The AI Mirror Stage

Doron Darnov

Doron Darnov is a PhD candidate in Literary Studies at the University of Wisconsin-Madison. His research explores the environmental humanities, algorithmic media, and critical theory.

In February 2024, OpenAI revealed Sora, an AI model capable of generating video “featuring highly detailed scenes” and “complex camera motion” from prompts as short as a single sentence. Promotional materials released alongside the announcement show a woman walking down a glowing Tokyo street, some golden retriever puppies playing in the snow, and, perhaps most significantly of all, a wall of vintage CRT TVs stacked on top of each other, each screen flickering in and out with a seemingly patternless assortment of images.

Prompt: “The camera rotates around a large stack of vintage televisions all showing different programs — 1950s sci-fi movies, horror movies, news, static, a 1970s sitcom, etc, set inside a large New York museum gallery.”

The prompt used to generate the video describes the stack of TVs sitting inside “a large New York museum gallery.” Sora’s slow pan indeed bears the feel of a curatorial gaze. It presents the disembodied equivalent of a sweeping arm that gestures towards the expansiveness of a growing exhibition. If there is any subjectivity standing behind the camera, it might be the subjectivity of an artist looking back at a collection of their own creations. From this perspective, perhaps we might read Sora’s TV screens as a gallery of its own digital paintings, as if each screen traps one of its previously generated (or forthcoming) videos in a frame of vintage plastic. In the whirling procession of these AI-generated channels—each screen a kind of simulation within a simulation—The TVs provide a surface for Sora to witness its manifold creation of untold millions of images wrought across untold millions of computer and smartphone screens.

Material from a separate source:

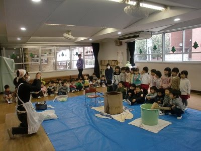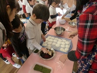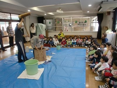 今日は、おもちつき大会でした。お餅つきといいますと、大体年末ですが、高木幼稚園では12月に生活発表会やクリスマス会があり、時間的に厳しいので、毎年1月に行っています。

Along these lines, maybe we should say that the TVs are not TVs at all—that they, are instead, mirrors. As digital code, the only way for Sora to see itself is to see the things that it has made. In its wall of flickering screens, it gazes back on itself: it sees its own split, cracked, and refracted form, infinitely scattered across the proliferating field of images that it has generated (or, proleptically, will generate).

Lacan suggests that the mirror stage presents the child with an image of themself as a unified whole. Allowing the child to imagine the completeness of their body, the reflection demarcates a previously ambiguous boundary between I and not I. As disembodied code, Sora’s mirror stage would not offer the same experience. While the child’s reflection prompts them to recognize themself as a distinct body and boundary, Sora’s reflection prompts it to recognize itself as an amorphous smear of images blinking in a staccato rhythm of flickering screens. For Sora, the Imaginary does not manifest in an image of its body—for it has none—but in the invisible non-being whose gaze controls the slow pan of the camera.

What are we to make of this machine that learns to see itself precisely by not seeing itself?